Kalynychenko was also voted the best Ukrainian left midfielder for 2006 by a poll in the press, one of 33 of a list of best Ukrainian footballers.

After capturing international attention for his World Cup 2006 debut, Kalynychenko was linked with clubs such as Manchester United, Valencia C.F., Borussia Dortmund and most recently, Wigan Athletic. He and Spartak Moscow management have since denied the existence of firm transfer offers in the Russian press. In the winter transfer window of 2006, after Kalynychenko expressed frustration at being left on the bench for long periods, concrete offers came through from Dynamo Kyiv and his former club Dnipro Dnipropetrovsk, with a price of 7 million Euros cited.

In August 2008, Maksym, along with teammate Egor Titov, was dismissed from Spartak after a conflict with manager Stanislav Cherchesov.

===Return to Dnipro Dnipropetrovsk===
On 6 August 2008, Kalynychenko signed a 3-year contract with his former club Dnipro Dnipropetrovsk on the rights of a free agent. He was given the shirt number 26.

After playing an away match on Saturday, 16 August 2008, against rivals Illychivets Mariupol during which Maksym Kalynychenko scored the winning goal in the 66th minute – helping Dnipro win 2:1, he was named by UA-Football as one of the two best attacking midfielders along with Constantinos Makrides of Metalurh Donetsk, of the fifth round in the Ukrainian Premier League.

==International==
===World Cup 2006===
Previous to the World Cup, Kalynychenko's appearances for a Russian club and lingering rumours surrounding his departure from Dnipro Dnipropetrovsk led to a low profile in Ukraine's senior national side. Kalynychenko did not feature in the 2006 qualification campaign, His surprise inclusion on the squad was due (by his own reckoning) to his good form in the tail end Spartak's 2005 season. In the run-up to Germany 2006, coach Oleh Blokhin played Kalynychenko in friendlies against Luxembourg, Costa Rica and Italy.

The player also did not feature in the first of Ukraine's proper World Cup games, in which the team were defeated 4–0 by Spain.

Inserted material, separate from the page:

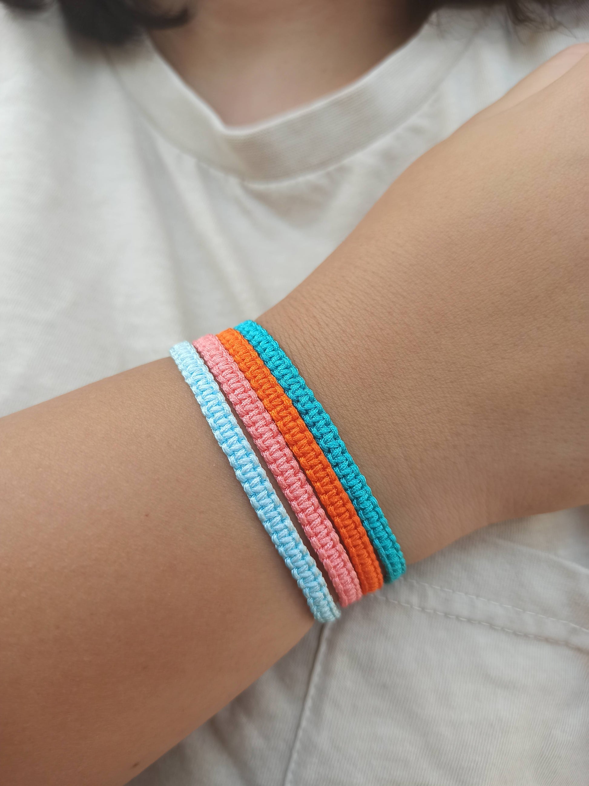 1 adet bebe mavisi ipli , 1 adet açık pembe ipli, 1 adet turuncu ipli , 1 adet turkuaz ipli makrome bileklik.
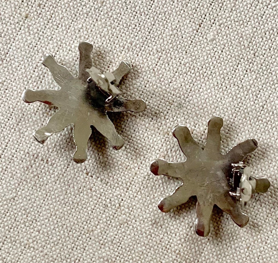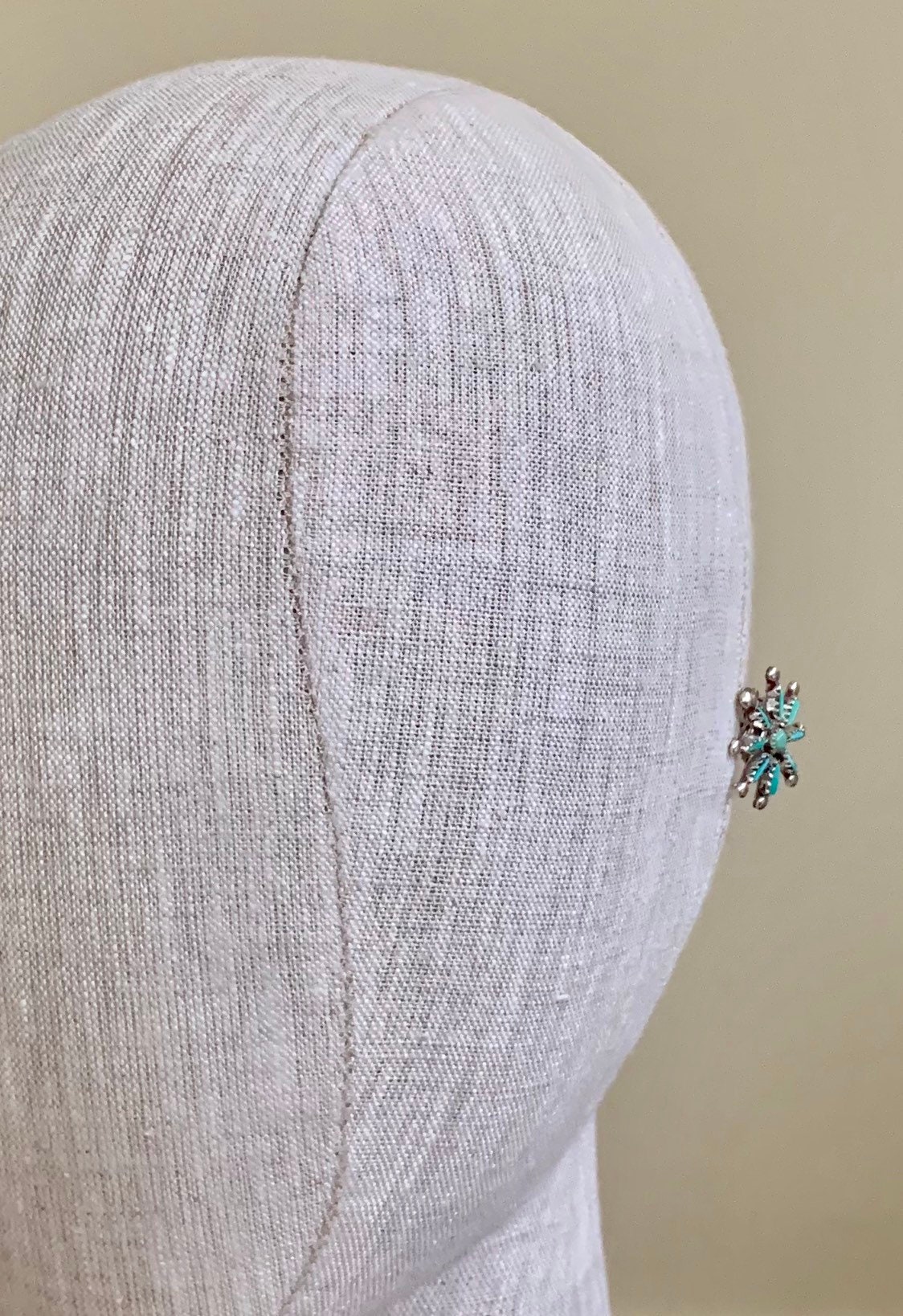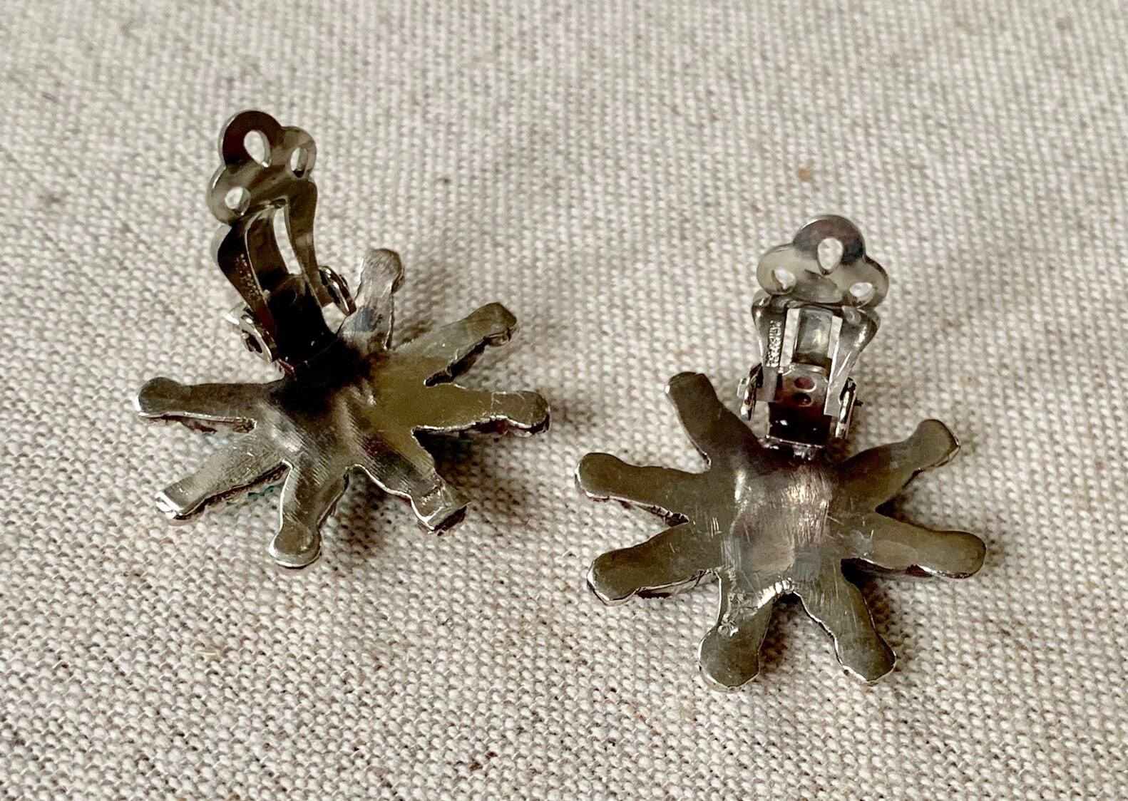 Beautifully crafted vintage 40's Native American Zuni sterling silver and needlepoint turquoise CLIP-ON earrings set in a delicate flower / starburst design

Called to the starting 11 in the next game against Saudi Arabia, Kalynychenko provided the opening assist from which Andriy Rusol scored Ukraine's first ever World Cup final goal. He set up another goal headed in by Andriy Shevchenko, who in turn fed Kalynychenko for the 4th and last goal of the game. Kalynychenko was named Man of the Match for his technical contributions. This game was the turning point for Ukraine, paving the way for their subsequent route to the quarter-finals.

Kalynychenko put in a notable performance in the quarter-final against Italy, with dangerous crosses and a shot on goal from a rebounded attempt by Oleh Husyev. However, none of these chances was converted and Ukraine bowed out of the tournament on a score of 3–0 to Italy.

In FIFA of Ukraine's debut, Kalynychenko was described as the 'revelation' of his team's World Cup campaign.

===Euro 2008 Qualifying===
Maksym Kalynychenko was a regular player in the Ukraine squad in the UEFA Euro 2008 qualifiers. He was called up to the team for almost every game, except for three. He also managed to score a goal in a 5–0 win over the Faroe Islands. However, Ukraine did not manage to qualify for the tournament, finishing fourth in its group, behind France, Italy, and Scotland.

==International goals==

| No. | Date | Venue | Opponent | Score | Result | Competition |
| 1. | 12 April 2003 | Valeriy Lobanovskyi Dynamo Stadium, Lviv, Ukraine | Latvia | 1–0 | 1–0 | Friendly |
| 2. | 28 May 2006 | Olympic Stadium, Kyiv, Ukraine | Costa Rica | 3–0 | 4–0 |
| 3. | 8 June 2006 | Stade Josy Barthel, Luxembourg City, Luxembourg | Luxembourg | 3–0 | 3–0 |
| 4. | 19 June 2006 | Volksparkstadion, Hamburg, Germany | Saudi Arabia | 4–0 | 4–0 | 2006 FIFA World Cup |
| 5. | 7 February 2007 | Ramat Gan Stadium, Ramat Gan, Israel | Israel | 1–1 | 1–1 | Friendly |
| 6. | 17 October 2007 | Olympic Stadium, Kyiv, Ukraine | Faroe Islands | 1–0 | 5–0 | UEFA Euro 2008 qualifying |
| 7. | 4–0 |

==Personal life==
Kalynychenko is married to Tetyana and they have one daughter, Oleksandra.